Agents and editors are well within the bounds of courtesy to not answer such letters. No guff from me about that at all. From our perspective it's not that we don't want to tell you, it's that it seems to open the door to further questions, clarifications, and worst of all..submissions. I cannot spend time answering questions about why I didn't like something every day or I'd never get to my paying work.

2 comments:

Feisty said...

I once wrote to an editor and asked her what was wrong with a manuscript and she answered. That led to a long relationship and many revisions on a book that didn't sell to her, but did sell.

I think it depends on the editor. And the rejection. This particularly editor sent me a long, specific rejection and I felt that I needed to clarify a few things, so I took the risk.

Janny said...

I have been one of the participants in this little debate...in fact, I probably started it, so go ahead, blame me. :-)

All I said which provoked this mini-brouhaha was that I've had some good experiences in writing/calling editors after rejections, asking for a little more information.

Note that I was NOT asking why they didn't like something, or what they didn't like about it! Most of the time, I already had that answer in the rejection letter. If I didn't, my theory was that I didn't need to hear the specifics blow by blow of what they didn't like and why.

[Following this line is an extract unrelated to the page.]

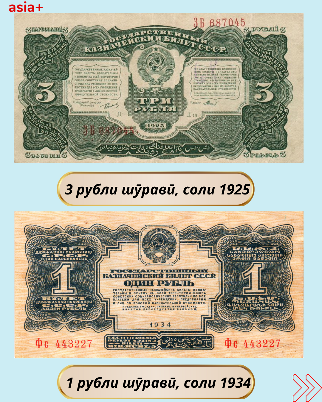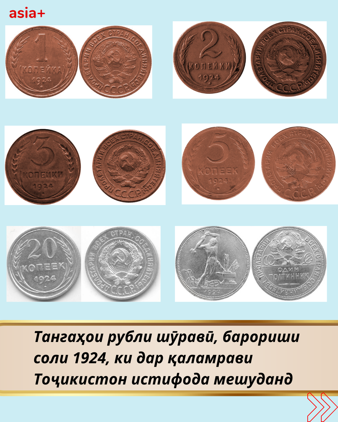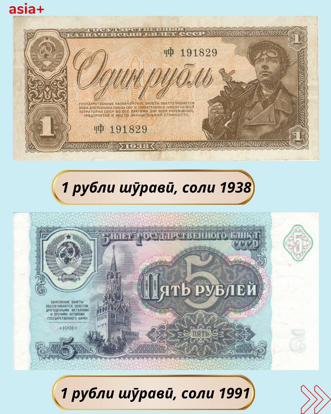 Дар баргаҳои мо бубинед, ки дар давраи Иттиҳоди шуравӣ кадом воҳидҳои пулии рубли шуравӣ бо барориши солҳои гуногун истифода мешуданд:

My ego's pretty strong, but...

What I did instead was ask them what they LIKED about it. Might sound silly, in the face of rejection. But, operating on the principle that if I "shot in the dark" I'd be just as likely to take out what was good about the book as what was bad, I decided to ask the editors/agents for GOOD things that I should keep. What was fresh and original about it? What kept them reading past the first couple of pages? (It's worth saying that these editors/agents had all spent some time with or on the manuscript...their rejections said so.)

I did NOT take any response as an invitation for further correspondence; it was a one-shot note and I indicated it as such.
Maybe because that was clear from the get-go, I got some very nice, very gracious and very helpful feedback in the process.

Having these great results, I have encouraged other writers to do the same, knowing full well that most of them wouldn't...and then this one editor posted that that was a bad idea. News to me.

Of course, I may be one of the few authors I know who actually got a call FROM an editor at a major house in which she took great pains to tell me all the reasons she was going to pass on my submission. Why would she bother? It seems she liked my writing, but just couldn't get behind this book...and she didn't want to just send a form rejection without having some contact with me. So go figure.

They tell me that my experience is unique in publishing. Maybe so. Or maybe I had this happen because "no one told me I couldn't," so I just went ahead and acted. I've always operated on the principle that we're in this together, editors and I. We both love books, and we'd both love to see good ones come through and get to the shelves. To that end, ideally, we should communicate more, not less, and so I like to take the chance to touch base with anyone who can share valuable information with me.

I don't abuse those chances. I don't consider the editor my new best friend. :-) But that "what did you like about the book" question has never gotten me any snippy answers, either; the editors I've talked with and/or corresponded with seemed honestly flattered that someone would ask them that. Maybe it's a compliment to have an author say, in effect, "I consider your positive feedback valuable information, so if you've got time to give it, I will certainly appreciate it."

Or maybe it's just a relief that the author isn't vilifying them for a rejection...whining, complaining or justifying. Coming in expecting nothing, just asking a favor. Most of us love to be able to do favors for someone, if we can...with no strings attached. Some editors respond that they simply can't help me, and that's fine, too. We're adults; a simple "No can do" constitutes an answer, and I thank them for that, too. And I have always, without fail, been invited to submit other work to those editors, so I must have acted in a way that wasn't all that obnoxious. :-)

Under these conditions, acting as I have, I find it perplexing in the extreme that any editor would consider my actions "rude." Or is my experience truly that unique?

If it is, that's kind of sad. But, like I said, go figure.